We had always had a suspicion that running our business in Thailand was viewed detrimentally by some would be customers. Even if that wasn't the case the constant hassle with visas and work permits, employing (well paying for) four Thai employees we didn't need, me not being able to own more than 49% of the business, hassle with deliveries and Thai customs - it just became too much. And as I approached sixty, the only country where I could work without this hassle was the UK. So, somewhat reluctantly, I returned. It wasn't easy. Leaving nothing here when I first emigrated, I returned to find waving a British passport around did not open any doors.
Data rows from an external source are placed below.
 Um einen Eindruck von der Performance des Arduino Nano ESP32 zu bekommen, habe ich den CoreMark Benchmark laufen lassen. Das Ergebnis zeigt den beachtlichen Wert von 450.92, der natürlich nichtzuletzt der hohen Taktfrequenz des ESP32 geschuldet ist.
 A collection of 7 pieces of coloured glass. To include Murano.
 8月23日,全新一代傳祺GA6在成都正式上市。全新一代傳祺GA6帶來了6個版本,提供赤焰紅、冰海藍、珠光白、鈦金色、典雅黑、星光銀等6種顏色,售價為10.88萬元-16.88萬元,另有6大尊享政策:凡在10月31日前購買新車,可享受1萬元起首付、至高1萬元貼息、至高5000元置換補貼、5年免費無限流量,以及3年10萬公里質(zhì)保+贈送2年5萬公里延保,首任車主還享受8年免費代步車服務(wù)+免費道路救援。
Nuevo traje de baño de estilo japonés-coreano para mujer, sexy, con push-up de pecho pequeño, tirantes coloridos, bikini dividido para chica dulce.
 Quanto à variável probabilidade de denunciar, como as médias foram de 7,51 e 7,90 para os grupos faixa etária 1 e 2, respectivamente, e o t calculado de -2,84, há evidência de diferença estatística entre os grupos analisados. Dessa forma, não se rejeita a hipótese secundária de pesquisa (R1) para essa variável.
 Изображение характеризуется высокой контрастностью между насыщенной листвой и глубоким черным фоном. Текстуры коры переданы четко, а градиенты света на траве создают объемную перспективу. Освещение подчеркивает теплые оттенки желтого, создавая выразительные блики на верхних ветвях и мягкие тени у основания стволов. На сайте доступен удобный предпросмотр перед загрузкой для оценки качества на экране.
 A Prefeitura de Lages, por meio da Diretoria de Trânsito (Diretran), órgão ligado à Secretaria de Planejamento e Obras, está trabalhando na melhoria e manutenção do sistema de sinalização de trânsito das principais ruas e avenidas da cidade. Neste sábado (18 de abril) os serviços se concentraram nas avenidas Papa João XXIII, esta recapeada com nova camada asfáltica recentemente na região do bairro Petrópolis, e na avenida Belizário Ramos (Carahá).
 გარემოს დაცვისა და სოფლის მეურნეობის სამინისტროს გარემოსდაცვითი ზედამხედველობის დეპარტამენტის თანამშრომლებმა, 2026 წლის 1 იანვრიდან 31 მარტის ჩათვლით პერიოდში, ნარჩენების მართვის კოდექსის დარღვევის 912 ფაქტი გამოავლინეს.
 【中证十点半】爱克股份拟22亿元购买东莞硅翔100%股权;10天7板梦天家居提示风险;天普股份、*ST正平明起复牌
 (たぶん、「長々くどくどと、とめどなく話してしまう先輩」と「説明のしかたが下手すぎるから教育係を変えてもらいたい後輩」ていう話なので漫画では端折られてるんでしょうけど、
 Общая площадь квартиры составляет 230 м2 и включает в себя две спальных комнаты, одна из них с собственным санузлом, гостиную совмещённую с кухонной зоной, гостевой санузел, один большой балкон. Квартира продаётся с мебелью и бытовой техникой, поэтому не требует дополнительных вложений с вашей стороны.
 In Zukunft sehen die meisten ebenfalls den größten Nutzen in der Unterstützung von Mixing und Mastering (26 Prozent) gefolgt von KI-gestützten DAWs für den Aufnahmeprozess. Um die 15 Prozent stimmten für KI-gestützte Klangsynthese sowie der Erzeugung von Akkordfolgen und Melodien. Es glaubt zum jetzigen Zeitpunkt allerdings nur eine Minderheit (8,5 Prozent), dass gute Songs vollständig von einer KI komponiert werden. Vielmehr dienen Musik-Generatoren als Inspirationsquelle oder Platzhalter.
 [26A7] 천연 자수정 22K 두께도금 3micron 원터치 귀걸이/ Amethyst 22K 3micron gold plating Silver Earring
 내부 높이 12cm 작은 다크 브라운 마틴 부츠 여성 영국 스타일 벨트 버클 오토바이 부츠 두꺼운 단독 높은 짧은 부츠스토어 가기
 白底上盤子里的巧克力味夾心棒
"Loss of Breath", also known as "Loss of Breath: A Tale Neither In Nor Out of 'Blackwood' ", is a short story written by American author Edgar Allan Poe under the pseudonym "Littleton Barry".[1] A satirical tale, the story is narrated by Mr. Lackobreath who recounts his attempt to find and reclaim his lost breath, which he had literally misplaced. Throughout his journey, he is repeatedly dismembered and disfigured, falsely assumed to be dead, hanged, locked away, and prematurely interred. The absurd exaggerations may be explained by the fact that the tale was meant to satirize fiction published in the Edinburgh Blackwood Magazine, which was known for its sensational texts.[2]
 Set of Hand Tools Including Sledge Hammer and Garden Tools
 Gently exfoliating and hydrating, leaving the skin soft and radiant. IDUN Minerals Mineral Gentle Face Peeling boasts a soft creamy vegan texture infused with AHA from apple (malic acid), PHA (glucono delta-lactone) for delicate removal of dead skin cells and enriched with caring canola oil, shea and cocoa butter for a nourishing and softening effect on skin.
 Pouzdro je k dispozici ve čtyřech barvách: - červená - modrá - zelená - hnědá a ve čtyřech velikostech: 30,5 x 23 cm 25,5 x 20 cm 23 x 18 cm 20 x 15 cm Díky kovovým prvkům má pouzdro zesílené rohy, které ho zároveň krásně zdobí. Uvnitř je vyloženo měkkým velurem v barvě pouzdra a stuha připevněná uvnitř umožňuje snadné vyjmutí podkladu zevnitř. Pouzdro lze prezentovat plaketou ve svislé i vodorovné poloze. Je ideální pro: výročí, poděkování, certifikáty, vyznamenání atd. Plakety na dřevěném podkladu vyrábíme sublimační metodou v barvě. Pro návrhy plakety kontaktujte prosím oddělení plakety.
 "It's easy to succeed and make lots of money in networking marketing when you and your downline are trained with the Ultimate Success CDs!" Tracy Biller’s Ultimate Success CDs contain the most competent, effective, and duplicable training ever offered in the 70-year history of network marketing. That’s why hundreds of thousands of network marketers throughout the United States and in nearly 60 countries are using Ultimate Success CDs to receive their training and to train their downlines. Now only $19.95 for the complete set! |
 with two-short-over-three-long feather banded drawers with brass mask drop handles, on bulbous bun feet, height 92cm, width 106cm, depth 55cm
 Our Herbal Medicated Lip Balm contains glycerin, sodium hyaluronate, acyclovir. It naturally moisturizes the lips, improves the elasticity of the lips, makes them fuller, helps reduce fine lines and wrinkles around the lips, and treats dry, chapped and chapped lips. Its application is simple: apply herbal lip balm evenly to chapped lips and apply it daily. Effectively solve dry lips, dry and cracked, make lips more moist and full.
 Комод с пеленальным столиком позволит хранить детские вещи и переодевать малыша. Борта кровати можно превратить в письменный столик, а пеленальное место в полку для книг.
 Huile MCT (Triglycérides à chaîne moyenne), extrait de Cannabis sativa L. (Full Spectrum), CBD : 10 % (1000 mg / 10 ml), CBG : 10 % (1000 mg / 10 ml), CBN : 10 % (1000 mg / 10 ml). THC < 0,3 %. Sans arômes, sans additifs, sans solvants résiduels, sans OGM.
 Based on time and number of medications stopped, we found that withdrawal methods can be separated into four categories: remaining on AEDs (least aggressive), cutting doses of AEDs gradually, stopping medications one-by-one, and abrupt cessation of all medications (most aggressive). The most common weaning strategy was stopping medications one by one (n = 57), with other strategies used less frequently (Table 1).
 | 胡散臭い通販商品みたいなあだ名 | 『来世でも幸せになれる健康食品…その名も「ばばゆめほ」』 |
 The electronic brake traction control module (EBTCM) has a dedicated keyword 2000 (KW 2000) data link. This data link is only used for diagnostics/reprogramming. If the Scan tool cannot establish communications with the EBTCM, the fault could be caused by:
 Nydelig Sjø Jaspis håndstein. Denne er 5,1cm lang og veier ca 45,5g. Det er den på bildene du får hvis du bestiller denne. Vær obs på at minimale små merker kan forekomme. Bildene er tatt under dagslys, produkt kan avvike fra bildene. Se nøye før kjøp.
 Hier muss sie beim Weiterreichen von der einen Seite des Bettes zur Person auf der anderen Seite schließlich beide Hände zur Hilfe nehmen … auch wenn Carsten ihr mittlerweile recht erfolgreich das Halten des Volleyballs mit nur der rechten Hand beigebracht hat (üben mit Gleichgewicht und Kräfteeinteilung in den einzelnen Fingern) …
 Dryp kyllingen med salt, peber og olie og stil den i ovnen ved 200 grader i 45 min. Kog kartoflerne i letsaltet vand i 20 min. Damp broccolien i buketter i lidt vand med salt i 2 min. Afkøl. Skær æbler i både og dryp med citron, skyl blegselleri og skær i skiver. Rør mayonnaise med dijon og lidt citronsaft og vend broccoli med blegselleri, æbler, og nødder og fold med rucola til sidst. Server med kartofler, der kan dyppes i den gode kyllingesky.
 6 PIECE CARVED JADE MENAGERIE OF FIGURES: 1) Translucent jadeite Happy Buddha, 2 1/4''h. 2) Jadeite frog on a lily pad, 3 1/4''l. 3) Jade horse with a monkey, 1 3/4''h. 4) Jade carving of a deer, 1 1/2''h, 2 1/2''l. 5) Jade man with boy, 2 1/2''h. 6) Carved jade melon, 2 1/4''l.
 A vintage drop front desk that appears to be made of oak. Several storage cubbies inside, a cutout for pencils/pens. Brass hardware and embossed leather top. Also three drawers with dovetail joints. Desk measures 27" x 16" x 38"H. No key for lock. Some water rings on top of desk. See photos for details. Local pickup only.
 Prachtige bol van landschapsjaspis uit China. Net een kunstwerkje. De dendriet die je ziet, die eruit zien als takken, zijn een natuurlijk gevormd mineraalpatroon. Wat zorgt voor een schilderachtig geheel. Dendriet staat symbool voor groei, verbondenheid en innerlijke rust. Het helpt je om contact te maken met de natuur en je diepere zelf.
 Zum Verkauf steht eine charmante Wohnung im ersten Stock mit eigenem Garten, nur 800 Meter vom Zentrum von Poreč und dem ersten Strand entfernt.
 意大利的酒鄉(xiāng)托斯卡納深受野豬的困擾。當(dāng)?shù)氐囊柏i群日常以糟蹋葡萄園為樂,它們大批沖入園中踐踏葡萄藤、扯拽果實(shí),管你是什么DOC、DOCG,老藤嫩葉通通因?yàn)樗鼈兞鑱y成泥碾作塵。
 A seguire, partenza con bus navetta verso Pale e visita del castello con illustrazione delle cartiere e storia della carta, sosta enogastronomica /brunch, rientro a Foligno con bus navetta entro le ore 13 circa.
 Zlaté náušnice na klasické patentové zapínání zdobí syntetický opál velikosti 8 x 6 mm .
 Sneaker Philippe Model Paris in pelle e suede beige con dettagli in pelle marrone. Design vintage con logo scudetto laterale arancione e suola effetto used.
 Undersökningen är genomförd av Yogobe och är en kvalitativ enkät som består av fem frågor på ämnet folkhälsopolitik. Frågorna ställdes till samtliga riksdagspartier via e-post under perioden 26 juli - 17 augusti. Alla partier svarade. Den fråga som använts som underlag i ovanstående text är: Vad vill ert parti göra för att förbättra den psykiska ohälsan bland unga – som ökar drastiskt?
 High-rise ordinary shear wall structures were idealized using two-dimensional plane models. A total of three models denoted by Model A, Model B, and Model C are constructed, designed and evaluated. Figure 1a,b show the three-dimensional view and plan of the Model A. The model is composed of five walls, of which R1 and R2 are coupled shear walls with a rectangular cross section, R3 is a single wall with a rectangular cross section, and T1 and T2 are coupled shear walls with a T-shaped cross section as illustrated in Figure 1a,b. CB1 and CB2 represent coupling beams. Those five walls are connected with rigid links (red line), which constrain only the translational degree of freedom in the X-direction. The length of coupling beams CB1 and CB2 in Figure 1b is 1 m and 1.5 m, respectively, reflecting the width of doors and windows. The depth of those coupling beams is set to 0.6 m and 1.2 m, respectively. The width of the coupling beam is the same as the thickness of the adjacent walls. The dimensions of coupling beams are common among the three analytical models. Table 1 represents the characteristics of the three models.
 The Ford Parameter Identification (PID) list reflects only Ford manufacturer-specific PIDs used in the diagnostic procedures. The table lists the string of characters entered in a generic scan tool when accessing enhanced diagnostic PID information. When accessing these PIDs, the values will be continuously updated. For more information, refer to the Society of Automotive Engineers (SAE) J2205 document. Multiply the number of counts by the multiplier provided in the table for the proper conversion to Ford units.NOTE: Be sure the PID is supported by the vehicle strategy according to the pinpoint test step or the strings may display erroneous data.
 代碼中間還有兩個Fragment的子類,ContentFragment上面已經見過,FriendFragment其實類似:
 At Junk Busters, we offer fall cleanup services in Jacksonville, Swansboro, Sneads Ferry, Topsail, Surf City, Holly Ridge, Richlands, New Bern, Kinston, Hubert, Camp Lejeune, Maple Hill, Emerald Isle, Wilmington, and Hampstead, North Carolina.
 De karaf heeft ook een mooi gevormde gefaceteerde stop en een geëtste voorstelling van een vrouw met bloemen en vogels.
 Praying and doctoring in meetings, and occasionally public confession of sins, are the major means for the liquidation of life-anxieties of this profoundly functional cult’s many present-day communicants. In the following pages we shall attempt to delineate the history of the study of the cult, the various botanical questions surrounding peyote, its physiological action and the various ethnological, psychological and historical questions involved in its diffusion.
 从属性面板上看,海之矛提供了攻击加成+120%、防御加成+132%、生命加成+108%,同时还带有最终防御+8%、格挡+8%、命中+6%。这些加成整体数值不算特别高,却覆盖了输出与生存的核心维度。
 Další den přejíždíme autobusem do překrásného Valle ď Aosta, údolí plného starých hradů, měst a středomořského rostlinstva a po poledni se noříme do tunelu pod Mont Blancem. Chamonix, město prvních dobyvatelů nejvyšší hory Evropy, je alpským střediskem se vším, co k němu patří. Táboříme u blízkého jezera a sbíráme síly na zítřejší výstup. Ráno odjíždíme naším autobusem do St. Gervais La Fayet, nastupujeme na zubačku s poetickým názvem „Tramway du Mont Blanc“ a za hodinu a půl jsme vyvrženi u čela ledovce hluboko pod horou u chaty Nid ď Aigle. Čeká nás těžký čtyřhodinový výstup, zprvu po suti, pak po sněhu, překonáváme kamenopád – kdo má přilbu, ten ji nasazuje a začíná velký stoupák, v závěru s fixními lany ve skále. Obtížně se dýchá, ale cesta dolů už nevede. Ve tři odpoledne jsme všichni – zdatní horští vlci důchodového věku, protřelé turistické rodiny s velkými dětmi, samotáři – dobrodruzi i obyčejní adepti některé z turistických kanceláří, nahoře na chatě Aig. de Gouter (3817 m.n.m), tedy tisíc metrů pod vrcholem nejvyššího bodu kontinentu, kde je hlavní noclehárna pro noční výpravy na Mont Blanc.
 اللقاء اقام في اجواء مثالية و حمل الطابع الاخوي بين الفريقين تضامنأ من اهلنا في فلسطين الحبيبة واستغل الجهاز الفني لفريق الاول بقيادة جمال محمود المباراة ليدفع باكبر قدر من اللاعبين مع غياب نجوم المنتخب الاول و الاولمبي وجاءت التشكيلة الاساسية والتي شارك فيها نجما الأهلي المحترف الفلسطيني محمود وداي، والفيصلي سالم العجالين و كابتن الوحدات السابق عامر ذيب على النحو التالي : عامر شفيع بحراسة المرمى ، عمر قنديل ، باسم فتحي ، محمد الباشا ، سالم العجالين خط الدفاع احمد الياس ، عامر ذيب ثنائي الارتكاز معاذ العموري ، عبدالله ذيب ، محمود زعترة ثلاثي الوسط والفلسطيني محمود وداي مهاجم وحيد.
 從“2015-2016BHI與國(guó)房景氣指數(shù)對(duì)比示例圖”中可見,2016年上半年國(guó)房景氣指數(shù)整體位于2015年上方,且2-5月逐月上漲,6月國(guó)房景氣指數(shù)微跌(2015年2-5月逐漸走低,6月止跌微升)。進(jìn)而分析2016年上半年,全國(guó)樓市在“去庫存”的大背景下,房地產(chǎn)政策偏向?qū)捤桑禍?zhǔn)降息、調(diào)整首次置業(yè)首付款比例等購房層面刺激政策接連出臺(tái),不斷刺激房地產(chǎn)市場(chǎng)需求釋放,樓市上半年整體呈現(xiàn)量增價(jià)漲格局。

But I persevered, and I now have nice little one bedroom apartment in Ayr, Scotland, and my pride and joy, a small factory for my company.
And as my third anniversary here approaches, I have been able to move away from the 12 hour days and 7 day weeks (just as we have lockdown and I can't go anywhere!), and spend some time doing other things, such as start writing again. I had a number of other books planned, but settled on a book about opera, or more specifically, operatic tenors, The Forgotten Tenors. The chapters are all mapped out, the preface is finished and Chapter one is almost complete.
Bernardo de Muro
I'm trying to write every few days or so, so hopefully, the book will be completed in four or so months. A nice Christmas gift for all my readers to purchase.
I haven't written anything in my diary since I left for the UK, so I hope that this post will be the start of some more regular posts.